■ WORK ITEM ■
Below are the records; count how many of their lines carry "הירש" and give only the number.

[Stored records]
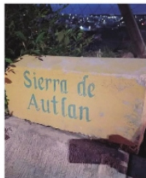
TERRENO DONADO EN 2016 permanece como lote baldío.

El terreno donado en aquel momento, tiene años abandonado y actualmente se mantiene como un lote baldío que no ha sido construido en la
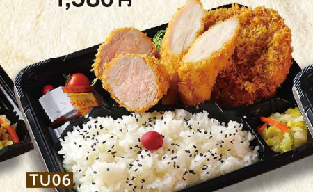
TU06 名物ささみカツ&一口ヒレカツ & 楽万ダンチカツ弁当 1,780円
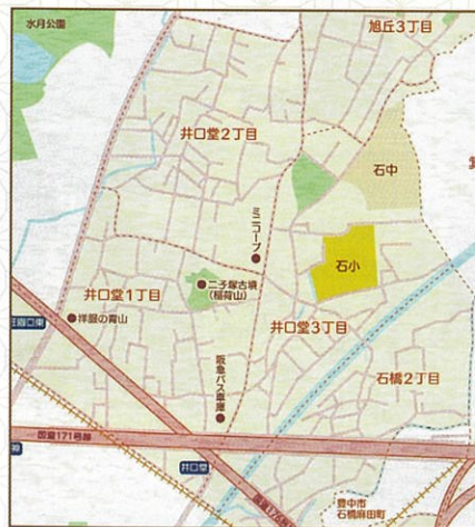
現在の井口堂周辺地域

明治時代の初めごろは、天神一丁目の北側をイグット(当時の井口堂の方言)と呼び、今の井口堂1丁目のほとんどをハタケナカ(畑中)と呼んでいました。
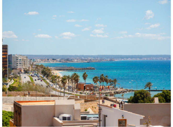
Vistas al mar
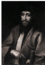
הרב צבי הירש אשכנזי, "החכם צבי"

רבה הראשון של קהילת יהודי סרייבו היה הרב שמואל ברוך מסלוניקי, שהתמנה לתפקידו בשנת 1623. בשנת 1686 התמנה לראש הקהילה הספרדית הרב צבי הירש אשכנזי, אשר כונה "החכם צבי", והכיר את שיטת הלימוד והפסיקה הספרדית למרות מוצאו ממזרח אירופה. הוא כיהן בתפקידו עד 1689, ואחריו התמנה הרב יצחק צבי. בשנת 1697 נפלו הרב וכמה מנכבדי הקהילה בשבי, ושחררו רק לאחר תשלום כופר נפש נכבד. בשנת 1716 החליף את הרב יצחק צבי בנו, הרב שם טוב בן יצחק צבי, שכיהן עד 1732. רבנים נוספים שכיהנו בקהילת סרייבו היו הרב יוסף מג'ורו, הרב דוד פארדו, הרב משה דאנון והרב משה פירירה, שקיבל מהשלטונות העות'מאניים את התואר "חכם באשי".
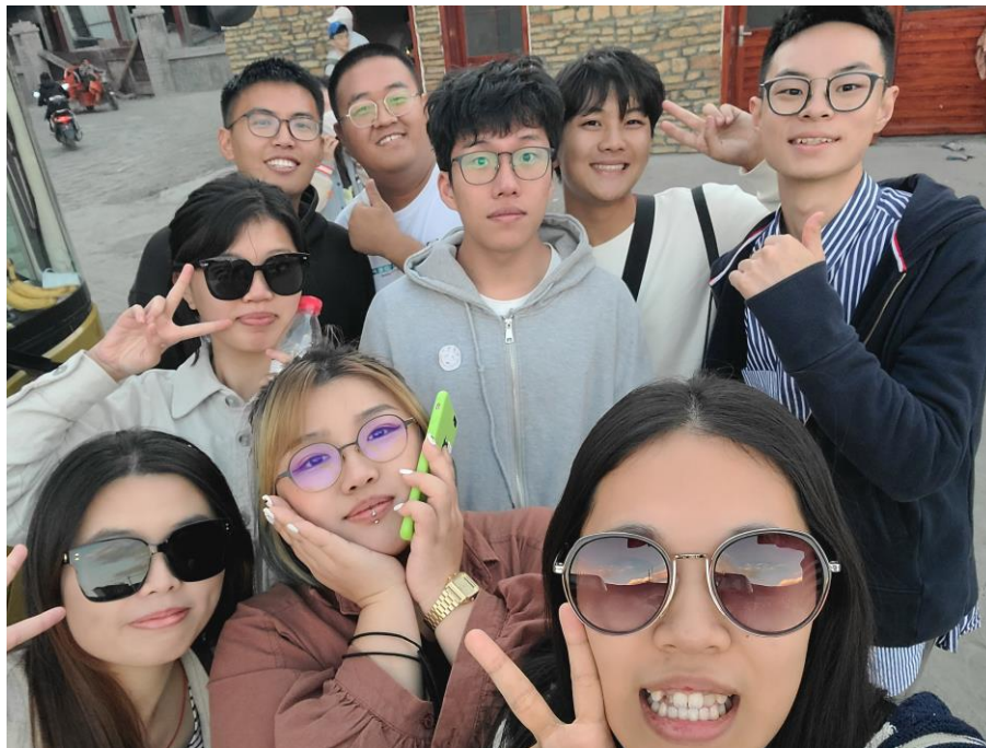
圖三：川西旅遊(第二排左一)

我想鼓勵所有在考慮到大陸或者是國外交換學習的同學能夠勇敢申請。到四川大學交換學習是我現在回覺得特別慶幸的一件事，我在這段期間所收穫的不僅僅是上述的這些，還有像是友情、成長以及看到的美景等等很多無法用言語描述的，也是一生難以忘記的。

■ YOUR RESPONSE ■
2